This ensures all variants of words will be counted the same, e.g "cats" and "cat" will be counted together.

In [13]:
def lemmatize(list_of_tokenLists):
    newTokenList = [] #this will store the new list
    wordnet_lemmatizer = WordNetLemmatizer()
    
    for tokens in list_of_tokenLists:
        tempLemmatized = []
        for word in tokens:
            tempLemmatized.append(wordnet_lemmatizer.lemmatize(word))
        newTokenList.append(tempLemmatized)
    return newTokenList

Cleaning Tokens

This step will perform the cleaning function and show the difference between our old tokens and new tokens.

In [14]:
def clean(list_of_tokenLists):
    list_of_tokenLists = expandContractions(list_of_tokenLists) #expand contractions
    list_of_tokenLists = decapitalise(list_of_tokenLists) #decapitalise
    list_of_tokenLists = remove_stopwords(list_of_tokenLists) #remove stopwords
    list_of_tokenLists = punctuation(list_of_tokenLists) #remove punctuation
    list_of_tokenLists = remove_numbers(list_of_tokenLists) #remove numbers
    list_of_tokenLists = lemmatize(list_of_tokenLists)
    return list_of_tokenLists


print("Tokens Before: ")
print(tokensList[0][:50])
print("------------")

tokensList = clean(tokensList) # clean


print("Tokens After: ")
print(tokensList[0][:50])
Tokens Before: 
['French', 'boss', 'to', 'leave', 'EADS', 'The', 'French', 'co', 'head', 'of', 'European', 'defence', 'and', 'aerospace', 'group', 'EADS', 'Philippe', 'Camus', 'is', 'to', 'leave', 'his', 'post', 'Mr', 'Camus', 'said', 'in', 'a', 'statement', 'that', 'he', 'has', 'accepted', 'the', 'invitation', 'to', 'return', 'full', 'time', 'to', 'the', 'Lagardere', 'group', 'which', 'owns', '30', 'of', 'EADS', 'I', 'will']
------------
Tokens After: 
['french', 'bos', 'leave', 'EADS', 'french', 'co', 'head', 'european', 'defence', 'aerospace', 'group', 'EADS', 'philippe', 'camus', 'leave', 'post', 'mr', 'camus', 'said', 'statement', 'accepted', 'invitation', 'return', 'full', 'time', 'lagardere', 'group', 'owns', 'EADS', 'I', 'give', 'role', 'soon', 'board', 'director', 'asks', 'said', 'airbus', 'head', 'noel', 'forgeard', 'set', 'replace', 'mr', 'camus', 'bringing', 'company', 'power', 'struggle', 'end']

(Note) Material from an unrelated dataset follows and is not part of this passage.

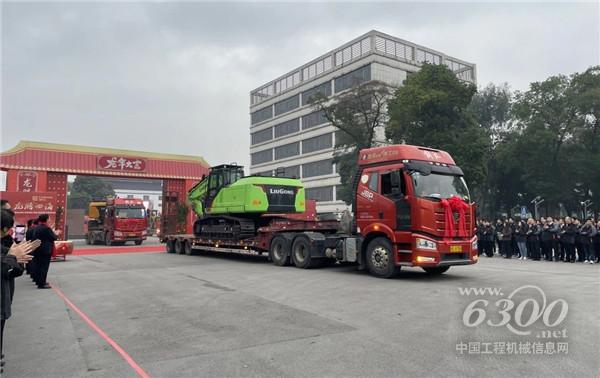 伴随着曾光安响亮地宣布:“2024年柳工开门大吉,发车仪式正式开始!”运载着各型号装载机、挖掘机、平地机、叉车等近20台机械设备的运输卡车排列成一条机械“长龙”,从总部大门出征,发至全国各地,奔赴各类工况。职工代表们分列两侧,大家齐齐鼓掌,掌声应和着铿锵的锣鼓声浪,振奋人心,斗志昂扬。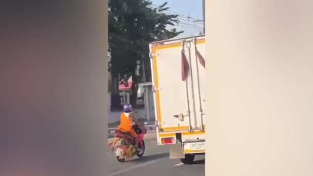 Footage shows the tiny moggy cowering on a narrow concrete lane barrier as the Good Samaritan Kritsada Pangdee crossed to save it in Bangkok, Thailand. 2025-03-20 22:43:53

We see the cleaning function was successful, as both lists are different.

Add tokens column to our training set

In [15]:
new_trainset['tokens'] = tokensList
new_trainset.head()
Out[15]:
content category tokens
0 French boss to leave EADS The French co-head o... business [french, bos, leave, EADS, french, co, head, e...
1 Gamers could drive high-definition TV, films, ... tech [gamers, could, drive, high, definition, TV, f...
2 Stalemate in pension strike talks Talks aimed ... politics [stalemate, pension, strike, talk, talk, aimed...
3 Johnny and Denise lose Passport Johnny Vaughan... entertainment [johnny, denise, lose, passport, johnny, vaugh...
4 Tautou 'to star in Da Vinci film' French actre... entertainment [tautou, star, da, vinci, film, french, actres...

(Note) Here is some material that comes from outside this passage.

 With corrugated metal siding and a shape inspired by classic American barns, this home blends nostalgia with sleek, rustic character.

Add joined tokens column to our training set

In [16]:
tokenContentList = []

for i in tokensList:
    tokenContentList.append(" ".join(i))

new_trainset['train_clean_content'] = tokenContentList
new_trainset.head()
Out[16]:
content category tokens train_clean_content
0 French boss to leave EADS The French co-head o... business [french, bos, leave, EADS, french, co, head, e... french bos leave EADS french co head european ...
1 Gamers could drive high-definition TV, films, ... tech [gamers, could, drive, high, definition, TV, f... gamers could drive high definition TV film gam...
2 Stalemate in pension strike talks Talks aimed ... politics [stalemate, pension, strike, talk, talk, aimed... stalemate pension strike talk talk aimed avert...
3 Johnny and Denise lose Passport Johnny Vaughan... entertainment [johnny, denise, lose, passport, johnny, vaugh... johnny denise lose passport johnny vaughan den...
4 Tautou 'to star in Da Vinci film' French actre... entertainment [tautou, star, da, vinci, film, french, actres... tautou star da vinci film french actress audre...

Part 2: Analysis of Data

In this section we will investigate our clean dataframe, and perform tokenization on the data.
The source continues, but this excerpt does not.